*Task to complete*: Beginning at the line that holds "- If readings", repeat every line through the last line of the material, exactly, and drop any pictures.

*Given data*:

*** Block opens ***

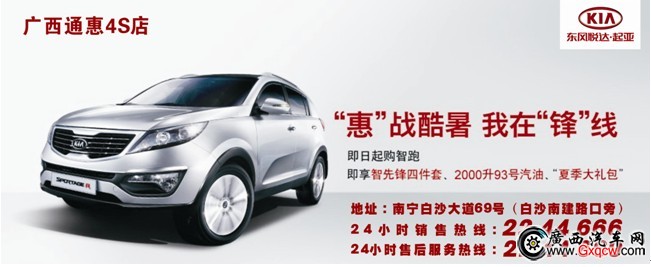 從即日起至7月31日,凡在東風(fēng)悅達(dá)起亞廣西通惠4S店購(gòu)買(mǎi)智跑任一車(chē)型即可獲贈(zèng):“智先鋒四件套”、2000升汽油(93#)及“夏季大禮包”。詳詢(xún)24小時(shí)銷(xiāo)售熱線(xiàn):0771-2244 666,地址:南寧市白沙大道69號(hào)(白沙南建路口)。
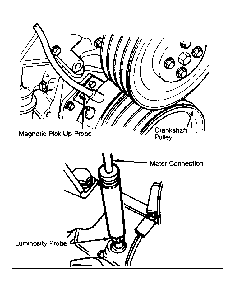 - If readings are incorrect, have dynamic timing meter calibrated at an authorized service center. If readings are correct, stop engine and install magnetic pick-up probe of dynamic timing meter into timing pointer probe hole. See Fig 1 .
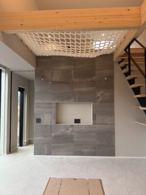 吹き抜け部分にはハンモックネットを張り、家族の気配を感じながらくつろげる“空に浮かぶくつろぎスペース”

*** Block closes ***

*Solution*:
 - If readings are incorrect, have dynamic timing meter calibrated at an authorized service center. If readings are correct, stop engine and install magnetic pick-up probe of dynamic timing meter into timing pointer probe hole. See Fig 1 .
 吹き抜け部分にはハンモックネットを張り、家族の気配を感じながらくつろげる“空に浮かぶくつろぎスペース”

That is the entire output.